THE PROBLEM >> Restate the listing below word for word, omitting any images.

AVAILABLE DATA >>
Content starts

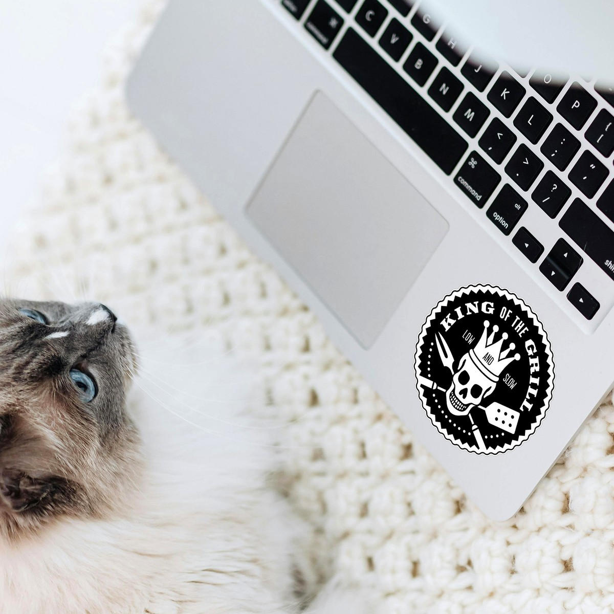 Let everyone know who rules the BBQ with this “King of the Grill” vinyl sticker. Featuring a bold skull and crown design, this sticker is perfect for grillmasters who want to add a touch of attitude to their BBQ setup. Made from durable, weatherproof vinyl, this decal is built to last through countless grilling sessions, whether applied to your grill, smoker, or cooler. The easy-to-apply adhesive backing ensures a smooth finish, while allowing for easy removal without any sticky residue. Available in multiple sizes and sold in a 5-pack, this sticker is perfect for personalizing all your grilling essentials.
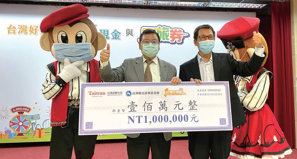 ▲百萬元中獎得主來自九族文化村。(左起)觀光局局長張錫聰、九族文化村企劃部經理黃瑞奇開心合影。
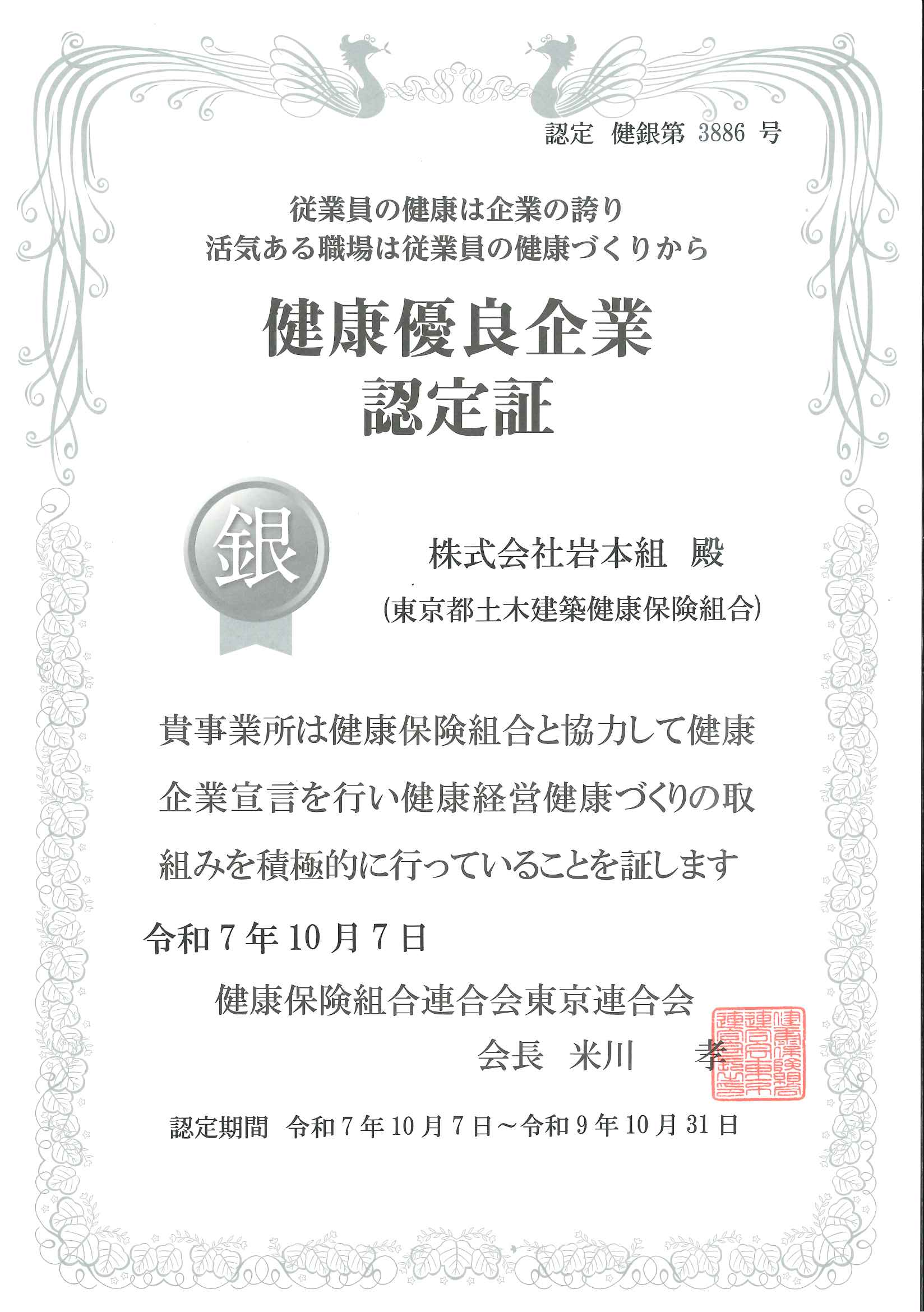 2025.10.23健康優良企業「銀の認定」取得のお知らせお知らせお知らせ弊社は、2025年2月13日に「健康企業宣言(銀の認定)」を行いました。全従業員で健康について考え・取り組んだ結果、取得することができました。 今後も、健康管理等に取組み、企業価値を高めるよう推進いたします。認定証
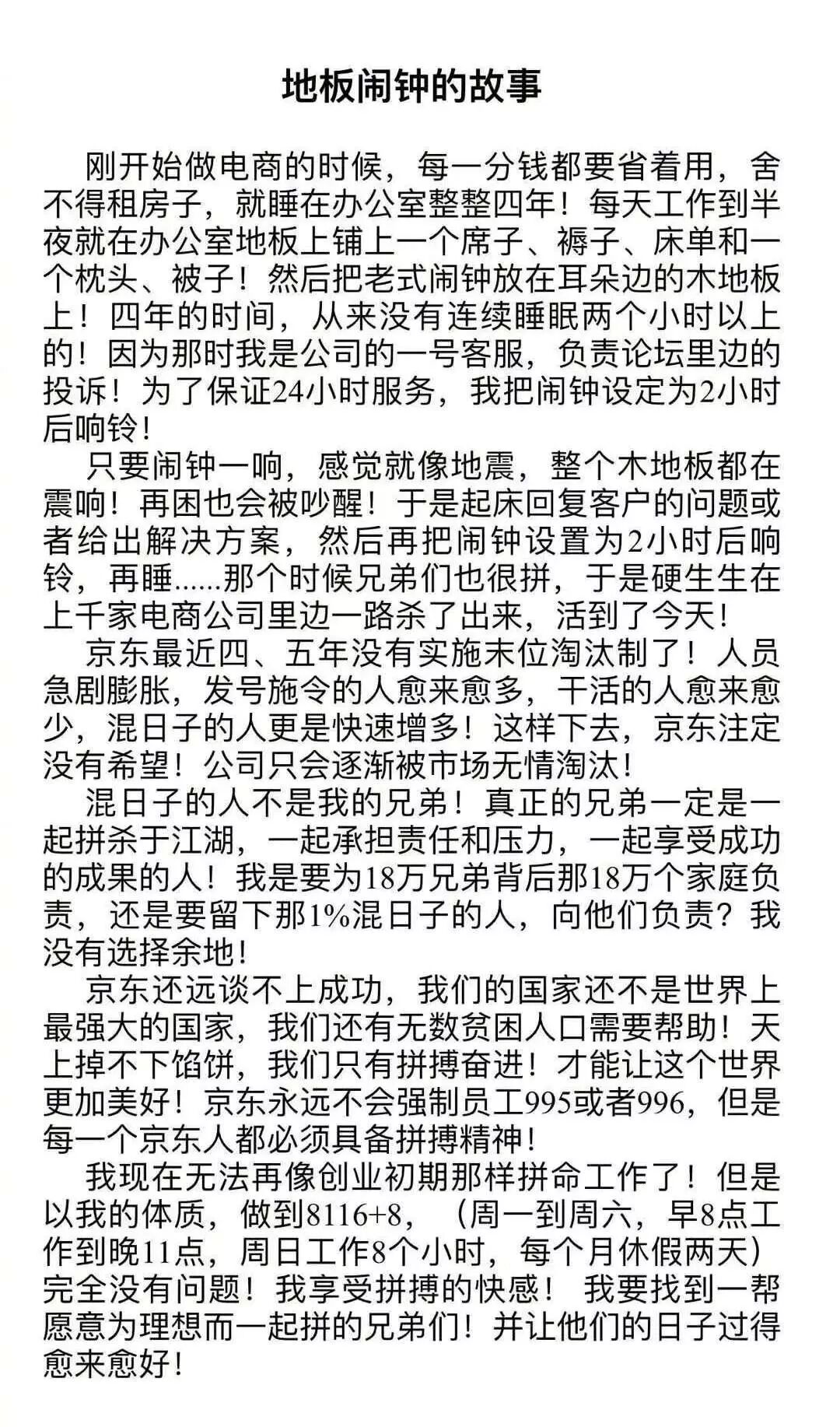 另一家电商巨头京东今年的日子也不顺利。在接连爆出:优化掉10%的高管,撤回应届生Offer,取消快递员基础工资,降低员工公积金比例,淘汰掉三类人,离职排队达400人等新闻后。今天东哥又讲了个地板闹钟的故事。

Content ends

OUTPUT >>
 Let everyone know who rules the BBQ with this “King of the Grill” vinyl sticker. Featuring a bold skull and crown design, this sticker is perfect for grillmasters who want to add a touch of attitude to their BBQ setup. Made from durable, weatherproof vinyl, this decal is built to last through countless grilling sessions, whether applied to your grill, smoker, or cooler. The easy-to-apply adhesive backing ensures a smooth finish, while allowing for easy removal without any sticky residue. Available in multiple sizes and sold in a 5-pack, this sticker is perfect for personalizing all your grilling essentials.
 ▲百萬元中獎得主來自九族文化村。(左起)觀光局局長張錫聰、九族文化村企劃部經理黃瑞奇開心合影。
 2025.10.23健康優良企業「銀の認定」取得のお知らせお知らせお知らせ弊社は、2025年2月13日に「健康企業宣言(銀の認定)」を行いました。全従業員で健康について考え・取り組んだ結果、取得することができました。 今後も、健康管理等に取組み、企業価値を高めるよう推進いたします。認定証
 另一家电商巨头京东今年的日子也不顺利。在接连爆出:优化掉10%的高管,撤回应届生Offer,取消快递员基础工资,降低员工公积金比例,淘汰掉三类人,离职排队达400人等新闻后。今天东哥又讲了个地板闹钟的故事。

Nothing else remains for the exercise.